Chief Procurement Officers see responsibility increase

By Freddie Pierce
By William Gindlesperger, Chief Executive Officer, e-LYNXX Corporation The modern day chief procurement officer (CPO) has a significant role in deliver...

By William Gindlesperger, Chief Executive Officer, e-LYNXX Corporation

The modern day chief procurement officer (CPO) has a significant role in delivering value to shareholders, customers and the public.  But the CPO’s success is very dependent upon collaboration with the chief financial officer (CFO).  That is one of the findings of the most recent Capgemini Global Survey of Chief Procurement Officers, first published in 2010.

“Increased collaboration between the two key ‘money crunchers’ in the organization not only makes sense, but is a prerequisite to success,” said Hamish McKechnie-Sharma, a Capgemini Consulting Principal, in published remarks.

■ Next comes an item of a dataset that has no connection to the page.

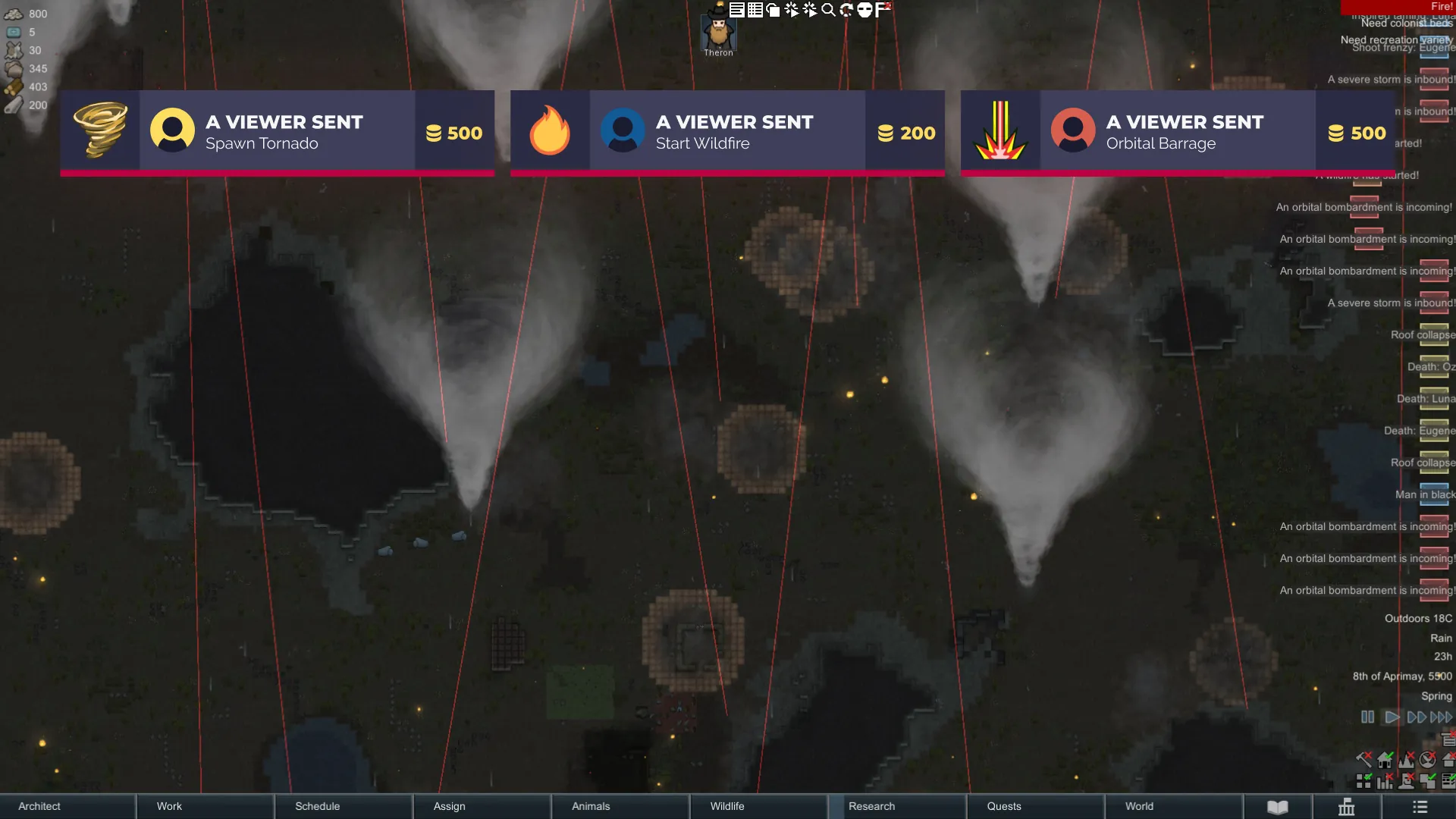 New Recruit - A new recruit joins the colony. If ShouldDisplayViewerName is set within the options, the new pawn will have the triggering viewer's name.

In addition to 79 percent of chief procurement officer respondents stating that procurement must be more focused on “improving an organization’s bottom line,” 70 percent said organizations must develop means by which “measurement on procurement performance in financial terms” is achieved.  This goes hand-in-hand with procurement and finance collaborating from the beginning of a fiscal year on what a savings is, setting up criteria to measure savings and ensuring that the path to savings is totally transparent.

Towards this end, there has to be a means by which savings, improved efficiencies, strong quality controls and full transparency, accountability and reporting are delivered and documented.  There also has to be an agreement between the CPO and the CFO that continuing to use traditional – and antiquated – procurement practices must stop.  No longer can a few vendors be the sole sources for goods and services.  No longer can negotiated pricing, influenced by personal relationships and vendor perks to the buyer, drive procurement decisions.  No longer can work be awarded without true competitive bidding.

Savvy CFOs and CPOs are embracing new methods that address the issues of high costs, questionable efficiencies and limited transparency.  One such method that is proving itself is automated vendor selection technology.  AVS Technology is reducing costs for procured goods and services by 25 percent to 50 percent, with the average cost savings for licensees of the technology being 42 percent. These reductions are in the actual procured costs of the goods and services when compared with their historical prices, excluding efficiencies and staff reductions which yield additional cost reductions. 

Driven by AVS Technology, vendors – all carefully screened and objectively qualified by the buyer -- are automatically selected to compete for work. Only those best qualified to produce each project are invited to submit bids. Participating vendors lower their prices, in a competitive bidding environment, to fill gaps in their production schedules. The buying organization benefits from deep discounts. The winning vendor is awarded work that it otherwise would not have. 

For the buyer, there are additional benefits. When the technology is used with a robust web-based workflow and communications system and best practices, the process delivers total transparency, full accountability for all participants (buyer and vendor), strengthened quality controls, assured timeliness and significant efficiency gains. Also, an indelible and auditable task-by-task record of each project is established for future reference. This approach, already licensed by a host of businesses and other organizations, can be used for a wide range of applications including specialty products, commercial printing, temporary staffing, direct mail, POS, construction services, publications, packaging and transportation.  Using the 42 percent average savings of current AVS Technology licensees as the benchmark, each $1 million in procurement costs achieves $420,000 in cost reductions for procuring the same goods and services.  This is dead serious money as organizations typically procure 2 to 20 percent of their gross revenues. 

These type results encourage CFO and CPO partnerships. Enlightened management today sees the chief financial officer and the chief procurement officer as equals with both having seats at the executive team table.  No longer is procurement relegated to being a back-office function. The Capgemini survey also found that more than 70 percent of purchasing functions now report directly to boards of directors and more than a quarter report directly to chief executive officers.

Co-ownership of the procurement process by finance and procurement will result in savings that are achievable, proactively managed and sustainable.